*** Begin section ***

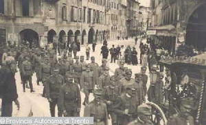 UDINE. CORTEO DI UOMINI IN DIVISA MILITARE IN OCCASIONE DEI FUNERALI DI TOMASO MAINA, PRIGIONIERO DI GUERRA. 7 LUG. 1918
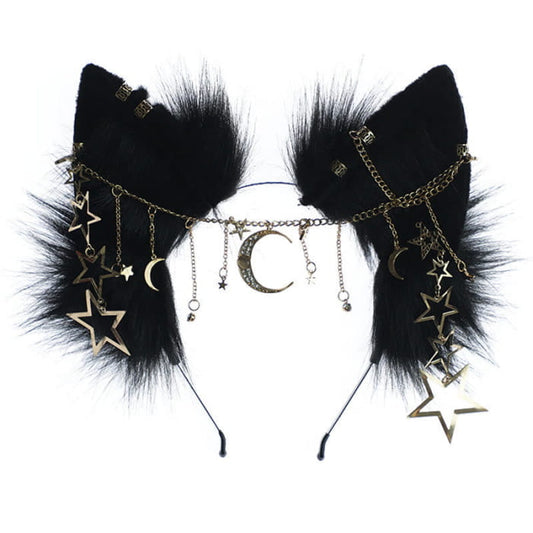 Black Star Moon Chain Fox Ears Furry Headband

*** End section ***
*** Begin section ***

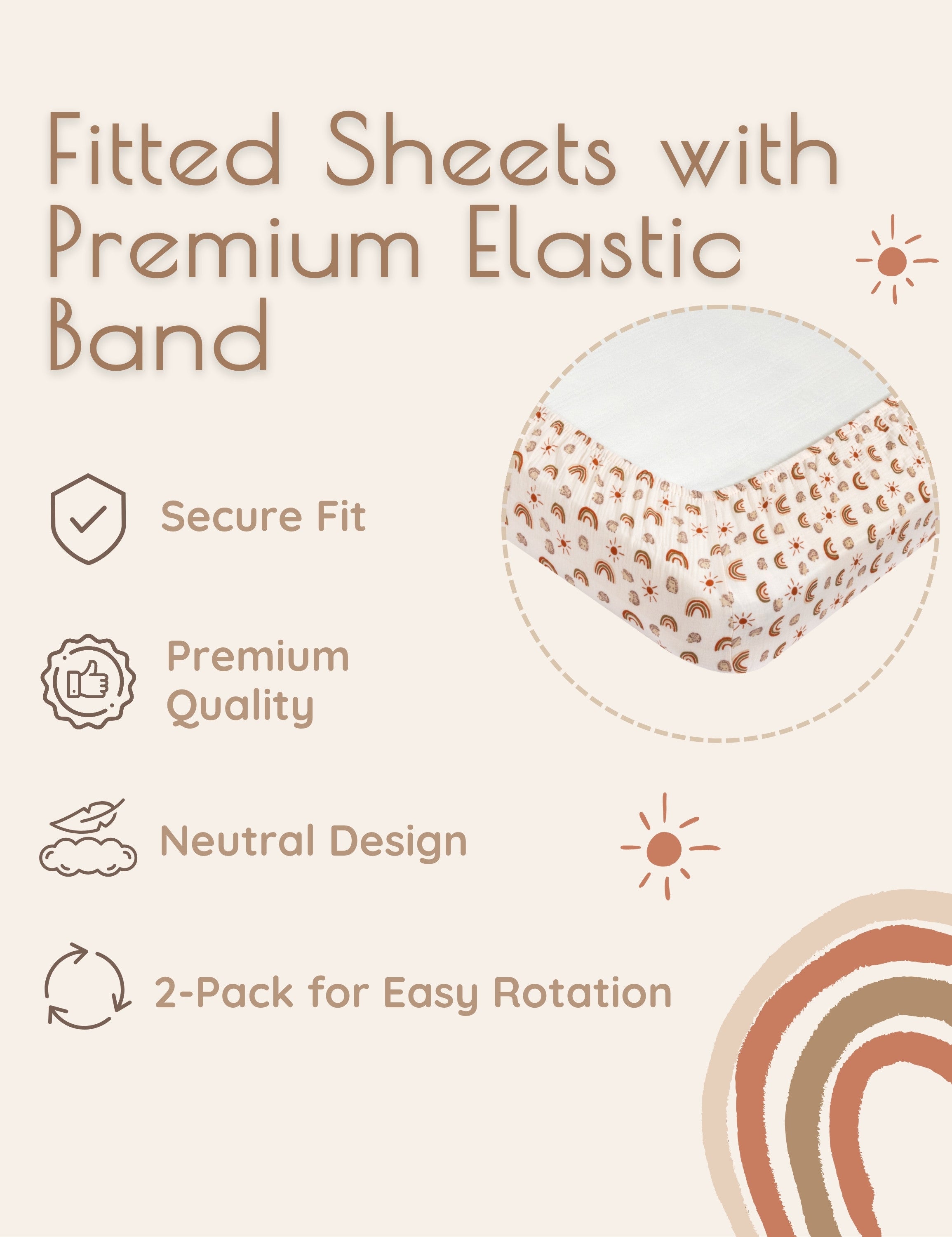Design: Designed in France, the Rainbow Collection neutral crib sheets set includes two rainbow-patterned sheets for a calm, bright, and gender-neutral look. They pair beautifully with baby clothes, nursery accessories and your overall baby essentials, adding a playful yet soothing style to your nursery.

*** End section ***
*** Begin section ***

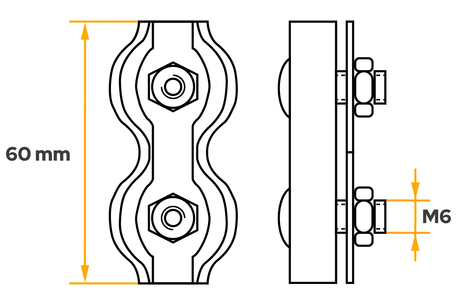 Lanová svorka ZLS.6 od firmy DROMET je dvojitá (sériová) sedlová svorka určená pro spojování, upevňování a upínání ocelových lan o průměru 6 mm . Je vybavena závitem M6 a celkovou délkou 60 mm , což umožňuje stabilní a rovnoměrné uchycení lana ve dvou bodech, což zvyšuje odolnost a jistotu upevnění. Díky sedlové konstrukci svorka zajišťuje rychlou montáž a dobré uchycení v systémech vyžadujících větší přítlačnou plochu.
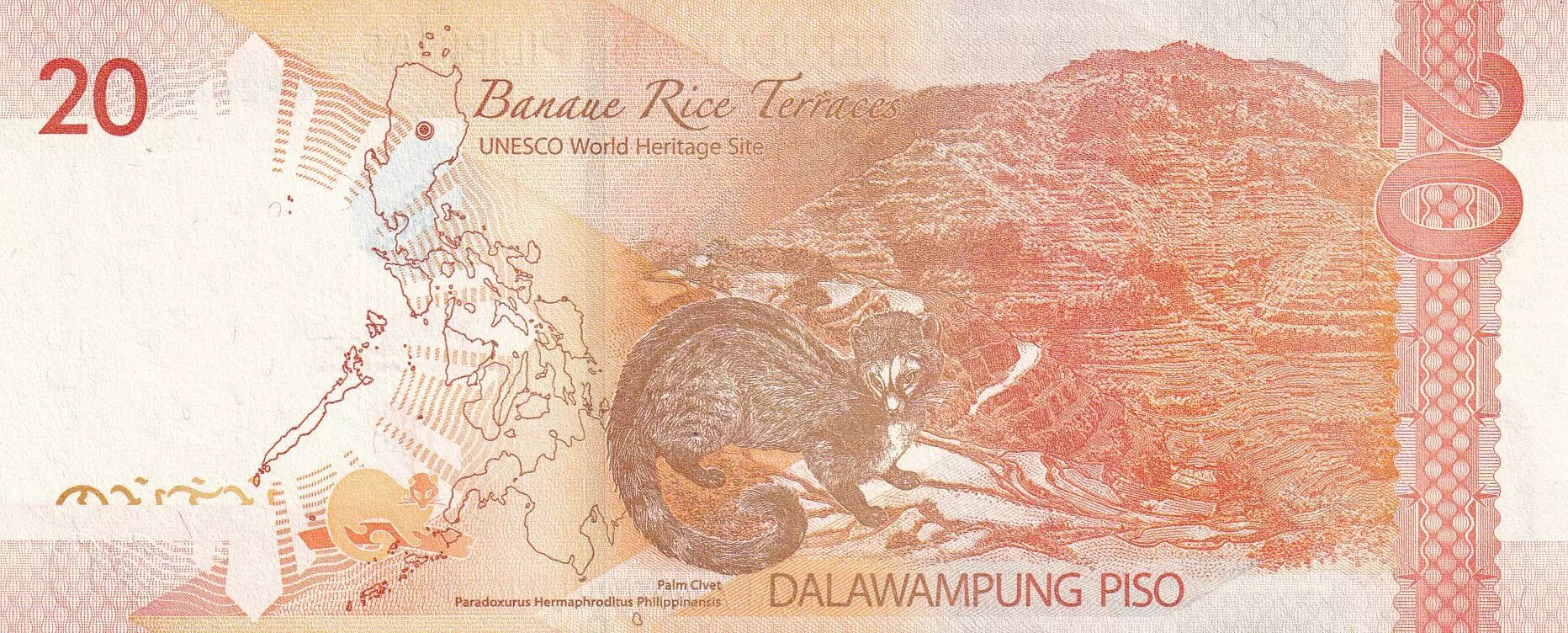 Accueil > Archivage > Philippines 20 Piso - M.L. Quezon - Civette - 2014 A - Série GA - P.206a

*** End section ***

**WORK REQUIRED**
Retype, exactly and with no pictures, everything above from the line with "UDINE. CORTEO DI" down to the line with "Black Star Moon", both included.

**RESULT OF THE EXERCISE**
 UDINE. CORTEO DI UOMINI IN DIVISA MILITARE IN OCCASIONE DEI FUNERALI DI TOMASO MAINA, PRIGIONIERO DI GUERRA. 7 LUG. 1918
 Black Star Moon Chain Fox Ears Furry Headband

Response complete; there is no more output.